Friday, September 9, 2016

2013 Antigal Winery & Estates UNO Malbec: Dark & Brooding

 "Malbec should express place, not the grape.”
--Jose Zuccardi of Familia Zuccardi

Malbec is the signature red grape of Argentina, and the grape which has brought much fame to the region. Known by numerous other names, such as Auxerrois, Côt Noir and Pressac, Malbec was first introduced into Argentina in the mid-19th century, prior to phyollexera. The cuttings came from the Bordeaux region of France, not Cahors, the French region most known for its Malbec. Argentina possesses plenty of old vines of Malbec, including some over 100 years old. It is currently their most planted grape, and there are about 22 recognized clones of Malbec.

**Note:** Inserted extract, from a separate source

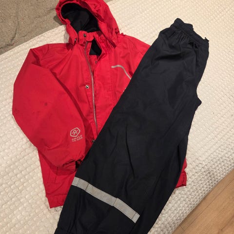 Molo regnsett for gutt i størrelse 134. Sett med jakke og bukse i polyester med flerfarget mønster. Jakken har hette og lukking foran. Buksen har strikk i livet og fotstrikker nederst. Materiale: polyester. Passer som yttertøy i vått vær. Nypris 935 kr.
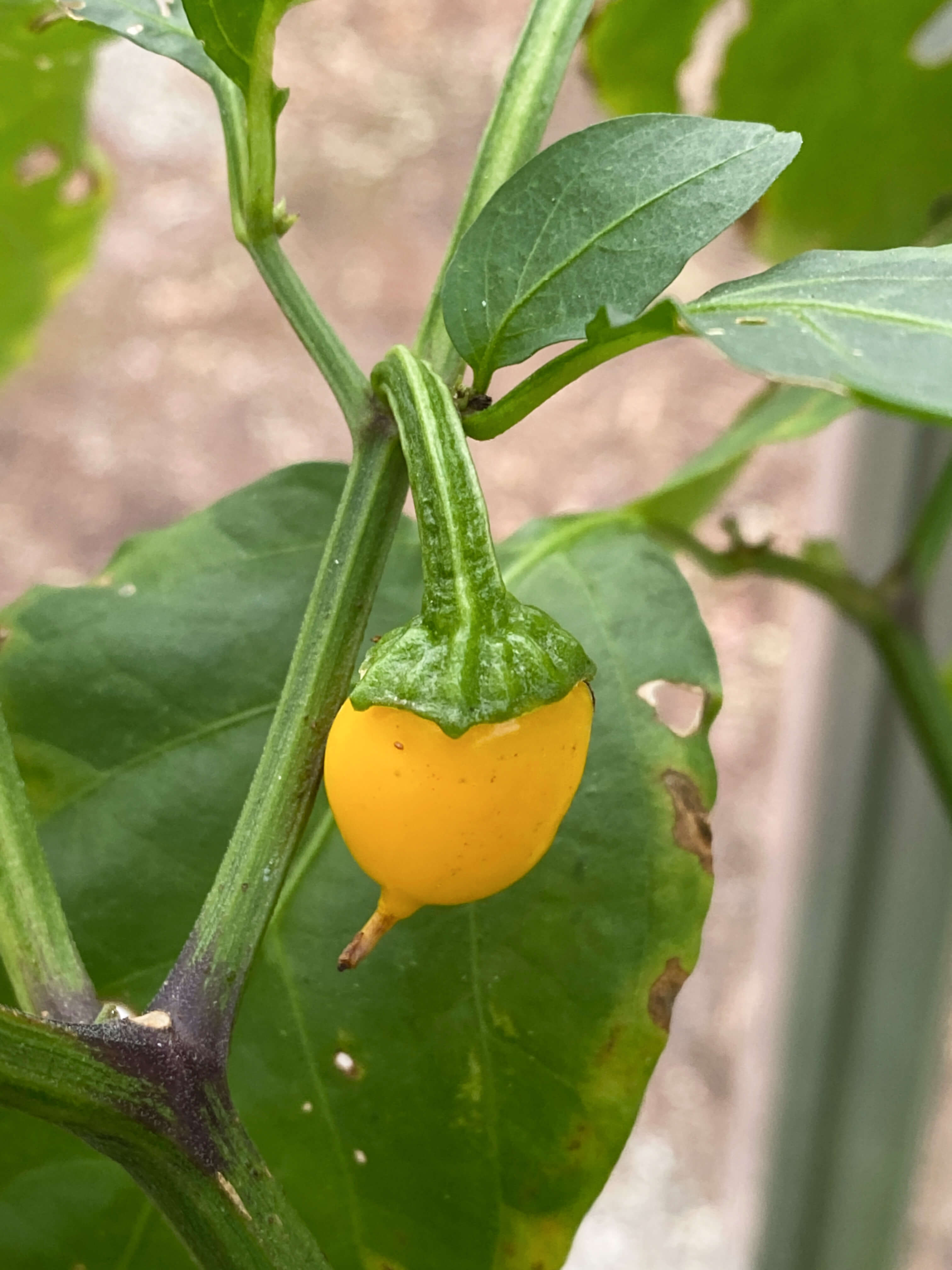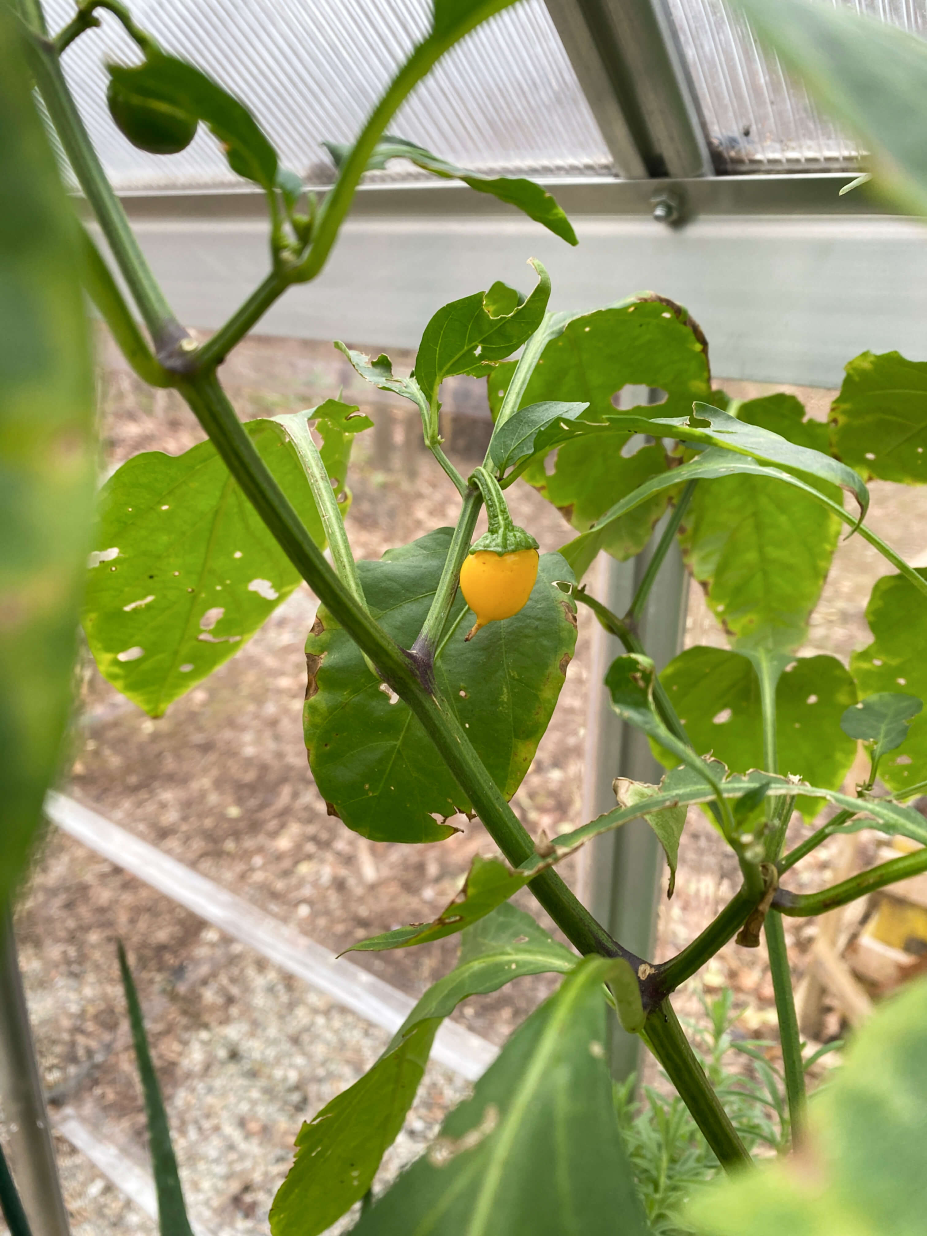 This summer, we had a big struggle with slugs in the garden beds so you can see the leaves are quite chewed through, but the plants continued to flower and persevere regardless. In the greenhouse, they look a little raggedy, but they are still growing so we are encouraged. Unintentionally, we may have stunted them a bit when we moved them to the greenhouse during their early post-flower days as they are now producing smaller fruit. But nevertheless, one pepper so far has turned yellow, which means in theory, it is ready for picking even though it’s just a little pip of a pepper. I’m going to leave it on the plant for a few more days to see if it grows any bigger – otherwise, we’ll pull it and see how it tastes.

Malbec can often be characterized as having an intense dark color, aromas and flavors of cherry, plum and strawberry, and soft tannins. However, Malbec is not a singular grape, and can express itself in many different profiles, especially due to terroir. Malbec has the potential to age well, and pairs well with meats, pastas, pizza, and other foods. Until the early 1990s, Argentina mainly used Malbec as a blending grape, but then they began creating single varietal wines, discovering its great potential. Numerous low cost Malbec wines started to get exported and wine consumers embraced them, helping to put Argentina on the international wine map.

Wineries have started to concentrate on terroir, a sense of place, in producing their Malbecs. They have found that Malbec presents many different expressions dependent upon the terroir. Some wineries, like Altos Las Hormigas, feel the soil is the most important element of Malbec terroir while others, like Bodega Catena Zapata, feel that altitude is the key. Experimentation and research continue into this issue, and it is the future of the wines of Argentina. Though you will continue to find inexpensive Malbec wines, you will begin to see more and more higher-end Malbecs, those indicative of terroir.

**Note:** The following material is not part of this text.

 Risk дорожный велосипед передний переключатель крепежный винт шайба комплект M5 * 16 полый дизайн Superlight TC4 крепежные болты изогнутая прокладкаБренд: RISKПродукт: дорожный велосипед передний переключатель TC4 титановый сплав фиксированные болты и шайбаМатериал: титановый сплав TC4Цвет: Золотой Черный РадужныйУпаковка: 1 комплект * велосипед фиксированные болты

The Antigal Winery & Estates is located in Russell, Maipú, the site of a historic winery that dates back to 1897. Founded by the Peiro family, they bought vineyards in the Tupungato region of the Uco Valley. Antigal possesses a state-of-the-art facility, with a gravity-flow platform system and the capacity to produce 1.2 million liters of wine. The winery has both stainless steel tanks and concrete vats, the the concrete specifically designed for fermenting small amounts of wine so they can concentrate on specific representations of their grapes.

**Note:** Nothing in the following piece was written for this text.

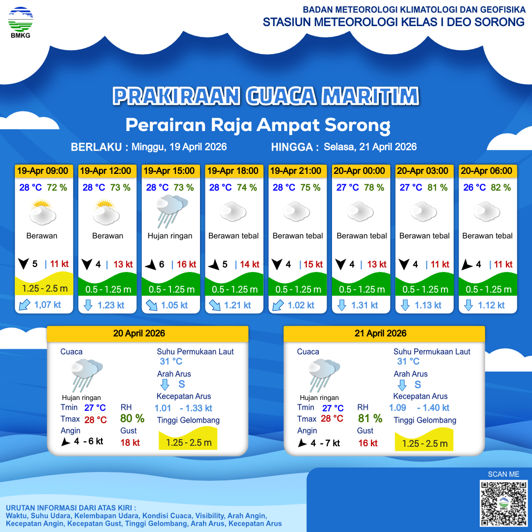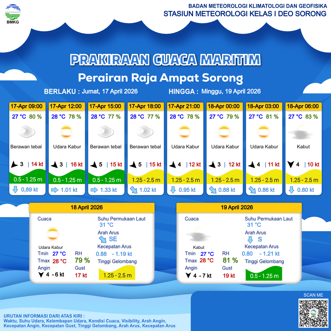 Prakiraan Cuaca Perairan Perairan Raja Ampat Sorong

I received a media sample of the 2013 Antigal Uno Malbec ($18), which is produced from 100% Malbec, has a 13.9% ABV, and spent 8-10 months in French and American oak. This was a dark and brooding wine, an elegantly muscular wine that yearns to join a hearty steak, grilled meats or even a hearty pasta dish. With a dark red color, the nose presents pleasing black fruit aromas, accented by mild spice and herbal notes. On the palate, it is big and bold, yet the velvety tannins are well integrated. There are rich and juicy flavors of ripe plum and blackberry with intriguing hints of spice and savory herbs. This isn't a simple and easy drinking Malbec but rather one with more import, a Malbec intended for food pairing. It is delicious, complex and reasonably priced for its quality.

There's still time for some backyard grilling, and the 2013 Antigal Uno Malbec would serve you well.